§ TASK REQUIREMENTS:
Word for word, return each entry that follows, with every image removed.

§ AVAILABLE DATA:

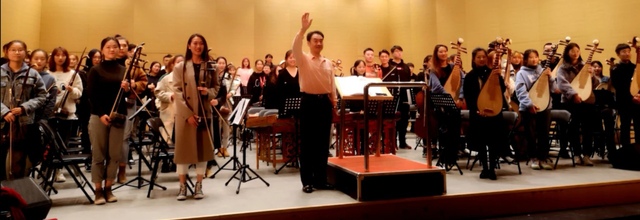 器乐教研室主任王秀琴副教授指挥乐团70余人演奏了刘文金先生改编的民族管弦乐作品《我的祖国》,演奏完毕后,曲祥教授首先对乐团同学们出色的演奏表示肯定。
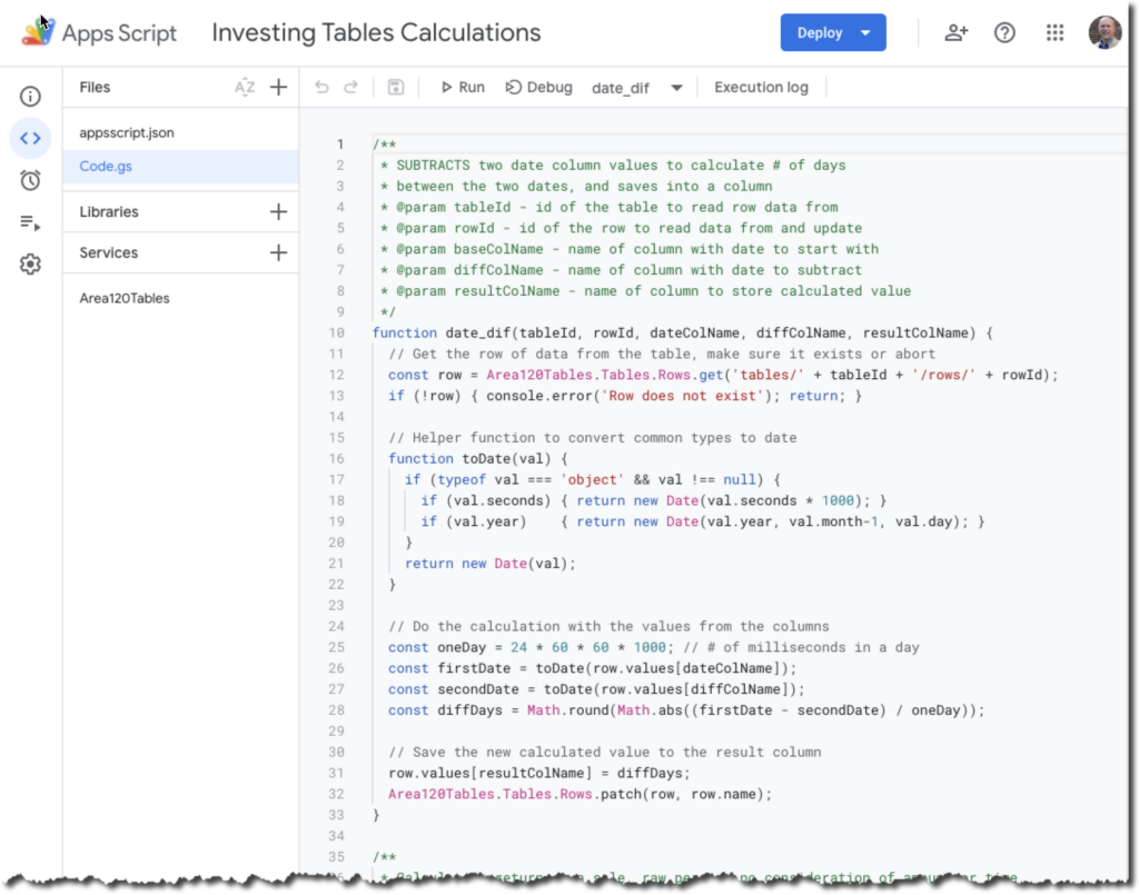 And here you can see how deep the Apps Script tech can go, including the ability to hook to just about any Google API library you’d need.
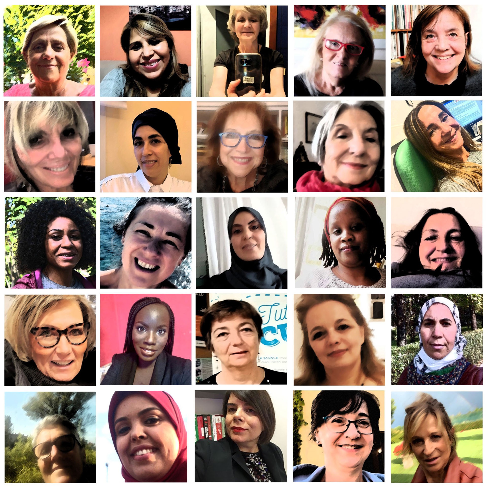 I volti delle donne che compongono il mosaico (Angela, Anna, Anna, Carolina, Claudia, Ebe, Edith, Elvira, Fatiha, Federica, Felicina, Fiammetta, Francesca, Khadija, Laura, Leila, Manuela, Maria, Marina, Marina, Nabila, Rita, Rosette, Rossana, Victoria) sono solo alcuni di quelli che, in questi difficili mesi, hanno avviato questo percorso culturale destinato a unire e, dunque, ad accorciare le distanze.
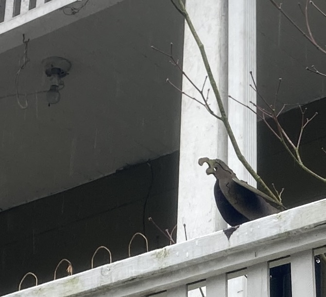 watched over by a metal crow perched on a neighbouring balcony.
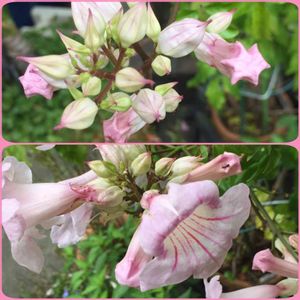 ❇️❇️❇️❇️❇️❇️❇️❇️❇️❇️❇️ 【ピンクノウゼンカズラ】🌼 📕ポドラネア属のピンク色の花を咲かせる品種です🌼 ◇属が異なる南アフリカ原産の品種で、寒さに弱いため冬には優しくしてあげて下さいね。 📕☆名前の由来☆ ◇和名は、漢名の「凌霄(りょうしょう)」という名前が「ノウセウ」となまり、その後ノウゼンになったと言われています〜😀 ◇英名は、ラッパに似た花の形から「トランペットヴァイン(Trumpet vine)」や「トランペットクリーパー(Trumpet creeper)」と呼ばれます。
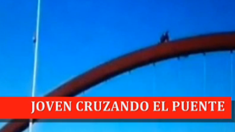 Buen, der er sig i en afstand på mere end 2,5 meter over kørebanen på broen, er mindre end en meter bred. Drengen måtte kravle op de første meter, indtil han havde fået fodfæste. Herefter rejste han sig og fortsatte med at gå op mod toppen.
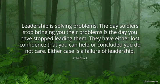 "Leadership is solving problems. The day soldiers stop bringing you their problems is the day you have stopped leading them. They have either lost confidence that you can help or concluded you do not care. Either case is a failure of leadership"
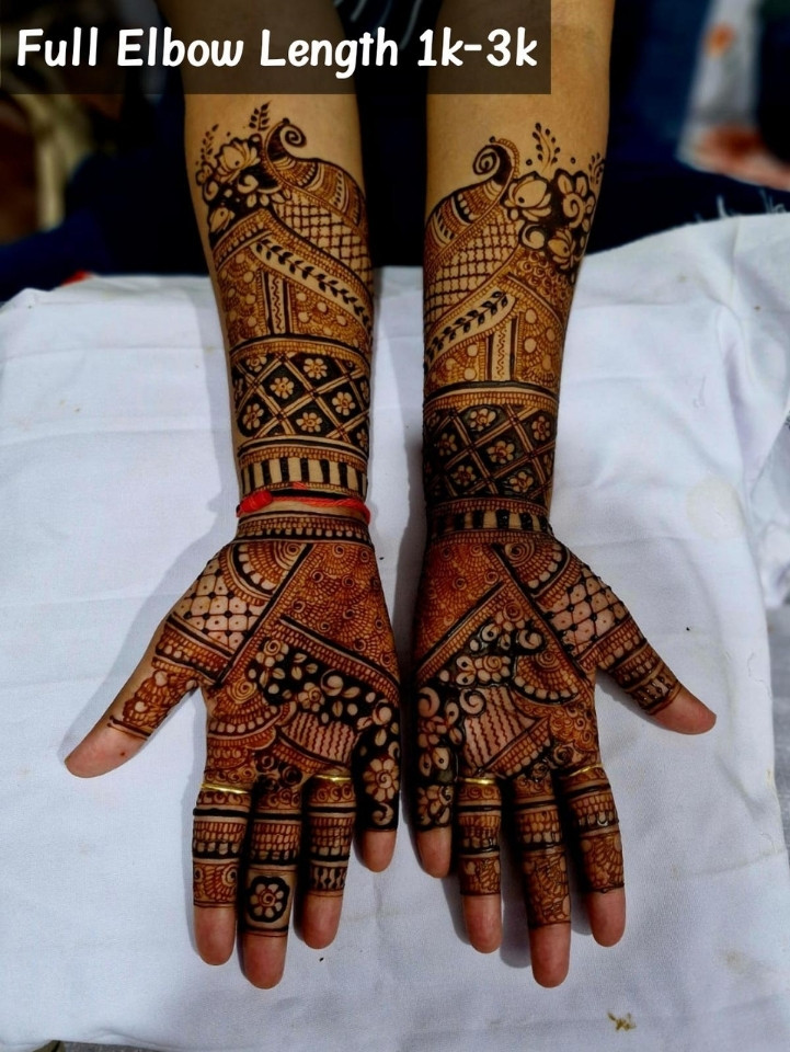 Certified professional Mehndi Artist with 4 years of experience in creating beautiful designs from basic to bridal. I specialize in neat, detailed, and long-lasting mehndi using safe, skin-friendly cones. My designs blend tradition and modern elegance to make every occasion extra special. ?✨

§ WRITTEN RESPONSE:
 器乐教研室主任王秀琴副教授指挥乐团70余人演奏了刘文金先生改编的民族管弦乐作品《我的祖国》,演奏完毕后,曲祥教授首先对乐团同学们出色的演奏表示肯定。
 And here you can see how deep the Apps Script tech can go, including the ability to hook to just about any Google API library you’d need.
 I volti delle donne che compongono il mosaico (Angela, Anna, Anna, Carolina, Claudia, Ebe, Edith, Elvira, Fatiha, Federica, Felicina, Fiammetta, Francesca, Khadija, Laura, Leila, Manuela, Maria, Marina, Marina, Nabila, Rita, Rosette, Rossana, Victoria) sono solo alcuni di quelli che, in questi difficili mesi, hanno avviato questo percorso culturale destinato a unire e, dunque, ad accorciare le distanze.
 watched over by a metal crow perched on a neighbouring balcony.
 ❇️❇️❇️❇️❇️❇️❇️❇️❇️❇️❇️ 【ピンクノウゼンカズラ】🌼 📕ポドラネア属のピンク色の花を咲かせる品種です🌼 ◇属が異なる南アフリカ原産の品種で、寒さに弱いため冬には優しくしてあげて下さいね。 📕☆名前の由来☆ ◇和名は、漢名の「凌霄(りょうしょう)」という名前が「ノウセウ」となまり、その後ノウゼンになったと言われています〜😀 ◇英名は、ラッパに似た花の形から「トランペットヴァイン(Trumpet vine)」や「トランペットクリーパー(Trumpet creeper)」と呼ばれます。
 Buen, der er sig i en afstand på mere end 2,5 meter over kørebanen på broen, er mindre end en meter bred. Drengen måtte kravle op de første meter, indtil han havde fået fodfæste. Herefter rejste han sig og fortsatte med at gå op mod toppen.
 "Leadership is solving problems. The day soldiers stop bringing you their problems is the day you have stopped leading them. They have either lost confidence that you can help or concluded you do not care. Either case is a failure of leadership"
 Certified professional Mehndi Artist with 4 years of experience in creating beautiful designs from basic to bridal. I specialize in neat, detailed, and long-lasting mehndi using safe, skin-friendly cones. My designs blend tradition and modern elegance to make every occasion extra special. ?✨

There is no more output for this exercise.